I agree with Solace , Cover the mirror, and if he's not already I'd get his wings clipped

then Go about Clicker Training ( I haven't done it But heard rave reviews about it)


----------



## Bea (Jul 26, 2007)

You could also stick some big drawn eyes or something above where he lands on the mirror to scare him from landing on it. Covering the mirror so it loses it's appeal is probably the easiest though. You would only need to cover it while Smudge is out.


----------



## xxxSpikexxx (Jul 30, 2007)

I would cover the mirror as well


----------



## rachel (May 31, 2008)

thanx guys.Im going to try blacking the bottom off with sum paper that peels off from the car shop,see if wen he cant see himself anymore it loses its appeal.If not probably buy some material and wrap it round the bottom half so he cant land on it.Hes driving me crackers,counted twenty time got up last night to retrive him.I think he thinks his reflection is another birdie!maybe i should buy him a male friend at some point.
aside from the mirror antics hes pretty good so il leave getting his wings clipped for now unless i get more grief.I know its not a nasty procedure but it makes me feel sad getting that done.


----------



## Plukie (Aug 26, 2007)

You say you have bought him a perch to sit on.......tiel's aren't like big parrots, they don't like to sit for ages in the same place, they are nosey and like to get into different things.

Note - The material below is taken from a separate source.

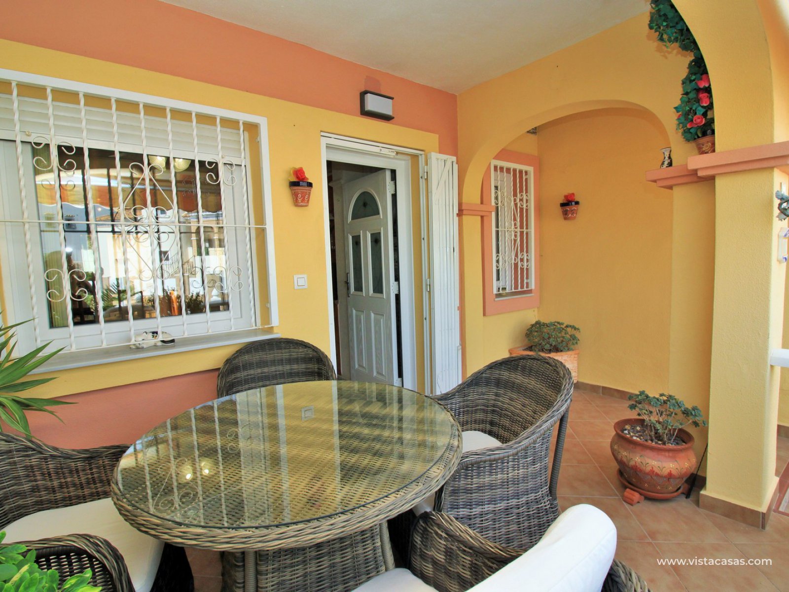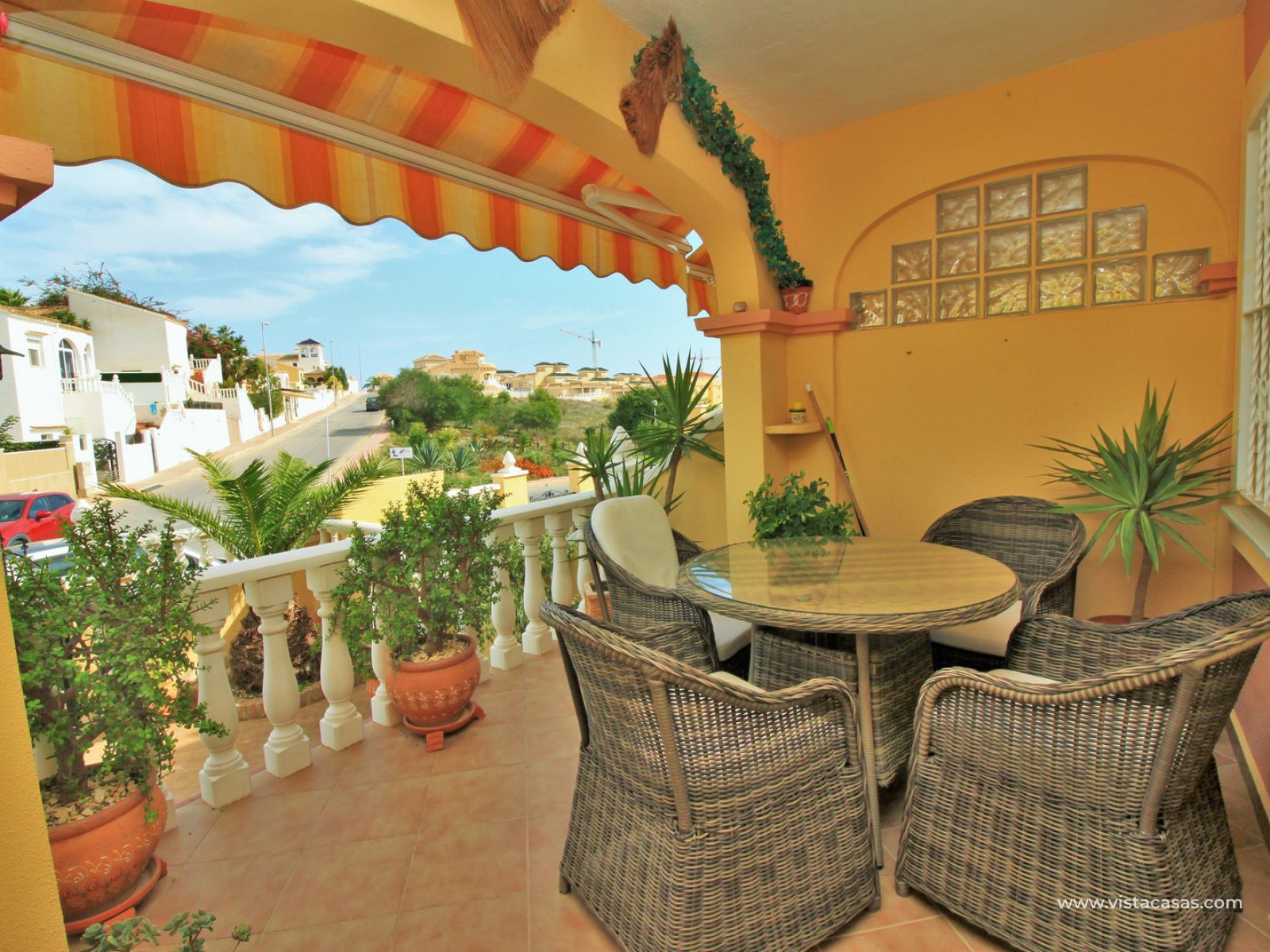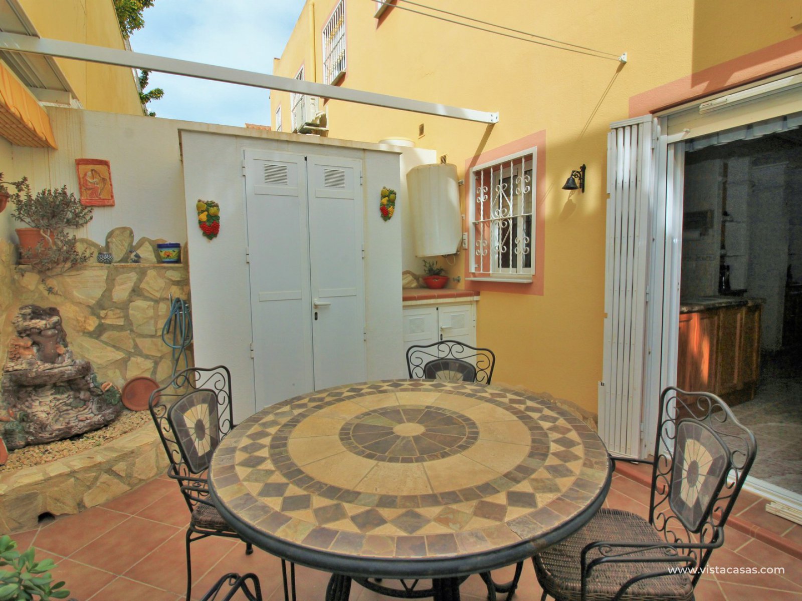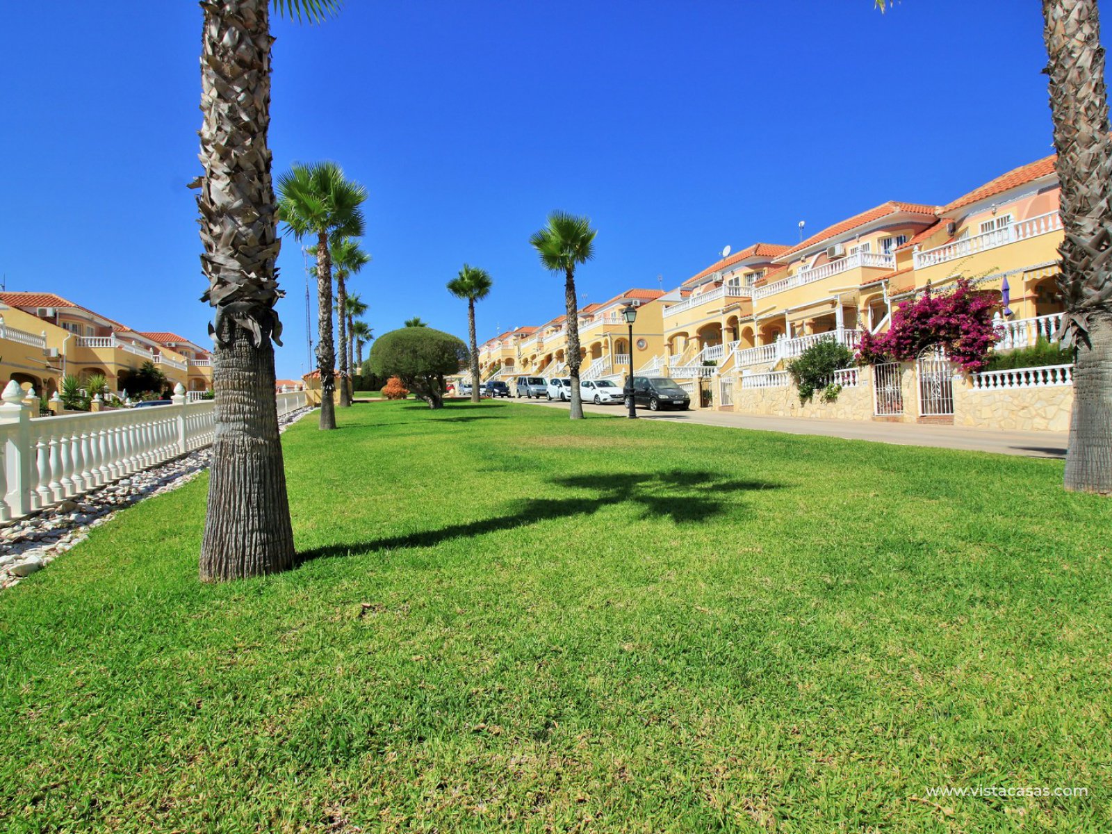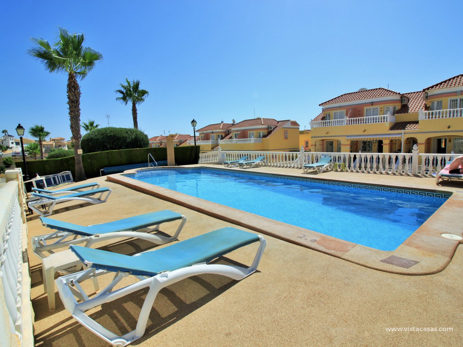 Comprising of a front garden with a covered porch area, a bright and airy lounge-dining area with American kitchen, cloakroom, and a rear patio with an awning and a utility area. Upstairs there are 2 bedrooms with fitted wardrobes with the master bedroom benefitting from a private balcony. There is also a newly renovated upstairs bathroom. The community offers lovely communal garden areas and the use of 4 communal pools.

Like the others say, I would cover the mirror and see how that goes, or could you let him out in another room?

I had to clip Dooby's wings for different reasons, it's not a "nasty" procedure, it's only cutting their feathers and they grow back again, just like us getting our hair cut.


----------



## Laura (Jul 30, 2007)

Plukie said:


> You say you have bought him a perch to sit on.......tiel's aren't like big parrots, they don't like to sit for ages in the same place, they are nosey and like to get into different thing


hehe... mine won't sit still for a minute there like little children always getting into some mischief, it would be almost impossible to train them to stay in one spot not unless there wings are clipped so they can't go anywhere and even then they would still find away to get around.

rachel he is definitely seeing the tiel in the mirror as his buddy they don't get that its themselves there seeing so its natural for him to want to go and see the lovely tiel in the mirror 

You could also try getting a smaller mirror and putting it near or on his cage or perch to distract him it might keep him from going to the bigger mirror you could get him another tiel friend at some point but it probably won't keep him from going to the mirror he will still be attracted to it then you will have two tiels going to the mirror 

I would try like the others said covering it, moving the cage out of sight of the mirror or getting a smaller mirror close to where you want him to be.


----------



## rachel (May 31, 2008)

Bingo!solved the problem,well temporarly at least.Weve tied string to the bottom of the mirror so he cant land on it and hes also now learnt to land on his perch.I couldnt cover it as its really big and too high up for me to reach the top to throw something over it.I would need a ladder.

The problem now is that he is landing on the top of the door and while i dont mind him being up there,he wont come down when i want to go to bed and flies round the room when i try to pick him up!last night i didnt get to bed till late as it took so long to get him down,which is basically when hes shattered from flying round the room.

The thing that puts me off getting his wings clipped is wen i pick him up he tends to bite me and when he had no flight feathers(fell out once) that didnt change so im thinking if he bites and wont let me pick him up is there any point,and also he will still be able to fly just not as far.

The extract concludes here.